Pounded thin and lightly breaded, this chicken is a cinch to cook—seared for a mere three minutes on each side, then simmered just three more in a bright sauce of lemon, wine and butter.
- 4 boneless, skinless chicken breast halves (about 2 pounds)
- Sea salt and freshly ground black pepper
- 1 cup all-purpose flour
- 3 to 4 tablespoons canola or safflower oil, plus more if needed
- 4 tablespoons unsalted butter
- 2 garlic cloves, smashed and minced
- 3 tablespoons capers, drained
- 1 lemon, thinly sliced into rounds
- 1 cup dry white wine
- 2 cups low-sodium chicken broth
- Juice of 1 lemon
- 1/4 cup chopped fresh parsley
1. Rinse the chicken and pat dry. Slice and pound the chicken into cutlets (see Notes). Season generously with salt and pepper to taste.
2. Place the flour in a shallow bowl, season with salt and pepper and stir to mix.
3. Heat 2 tablespoons of the oil and 1 tablespoon of the butter in a large skillet over medium-high heat until sizzling hot. Dredge both sides of each piece of chicken in the flour, pressing gently to help the flour adhere and shaking off any excess before placing in the skillet.
4. Sauté until golden brown around the edges, working in batches and careful not to overcrowd the skillet, about 3 minutes per side. Remove, place on a platter and cover loosely with foil to keep warm. Repeat with the remaining chicken, adding more oil, 1 tablespoon at a time, if needed. If the flour in the bottom of the skillet starts to get too dark, clean the skillet halfway through by removing it from the heat and carefully wiping the skillet dry with paper towels, but keep a little flour in the bottom of the skillet, as it will help your sauce thicken.
5. Add 1 tablespoon of oil to the same skillet and heat until sizzling hot. Add the garlic, capers and lemon slices and cook, stirring occasionally, about 1 minute. Add the wine, scraping up any brown bits from the bottom of the pan. Bring to a boil and cook until the wine reduces by half, about 3 minutes. Add the broth and lemon juice and continue to cook, stirring occasionally, until the sauce thickens. Reduce the heat to low and stir in the remaining butter to melt.

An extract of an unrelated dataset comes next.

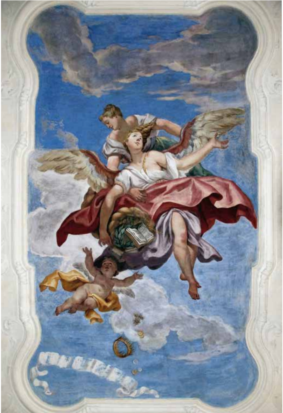
III. Antonio Gresta, La Fortuna dispensa onori e ricchezze , 1726 circa. Trento, palazzo Thun Menghin.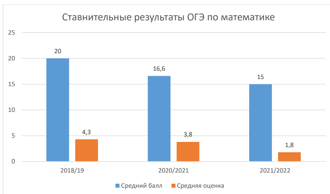
Диаграмма 2. Результаты ГИА по математике в сравнении за три года.

9 обучающихся (64%) получили отметки, ниже годовых. 1 ученик получил отметку выше годовой. Это говорит о необъективности оценивания знаний обучающихся учителем математики.

6. Add the chicken and any juices that have collected in the bottom of the platter back to the skillet with the sauce and heat through, about 3 minutes. Place the chicken back on the platter with the sauce poured over. Sprinkle with parsley and serve warm.

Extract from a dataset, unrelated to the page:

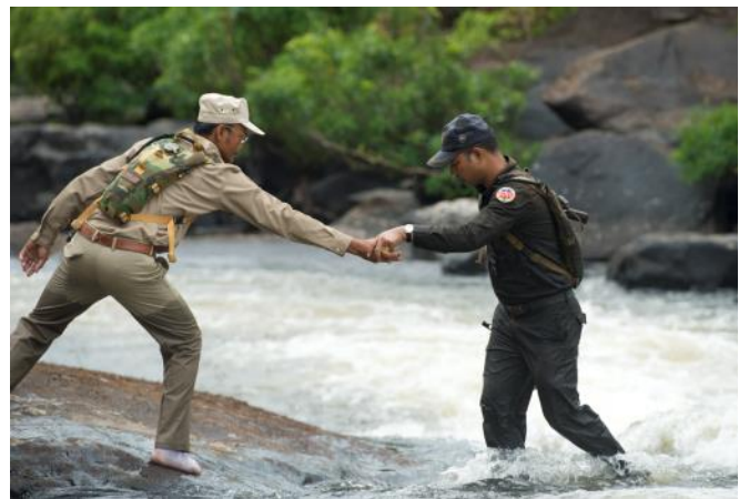
Thmr Bang におけるレンジャー

管理チームは定期的に打ち合わせをし、移行期間をどのようにやりくりするのが最善か、レンジャーたちの所属はどのように移行させるか、パトロールの継続方法、環境省との関係の強化方法などを話し合いました。ダイキンの支援により、コミュニティによるパトロールを継続させることができます。現在、絶滅の危険性が高いアロワナ（ドラゴンフィッシュ）とシャムワニに注力したパトロールを行なっています。

Place a boneless, skinless chicken breast on a cutting board. Depending on the size of the breast, slice into 2 or 3 pieces, starting at the thickest end and cutting horizontally. Ideally, you will end up with cuts that are approximately 1/4 inch thick, which makes the pounding much easier. For extra ease, most butchers and specialty grocers sell cutlets.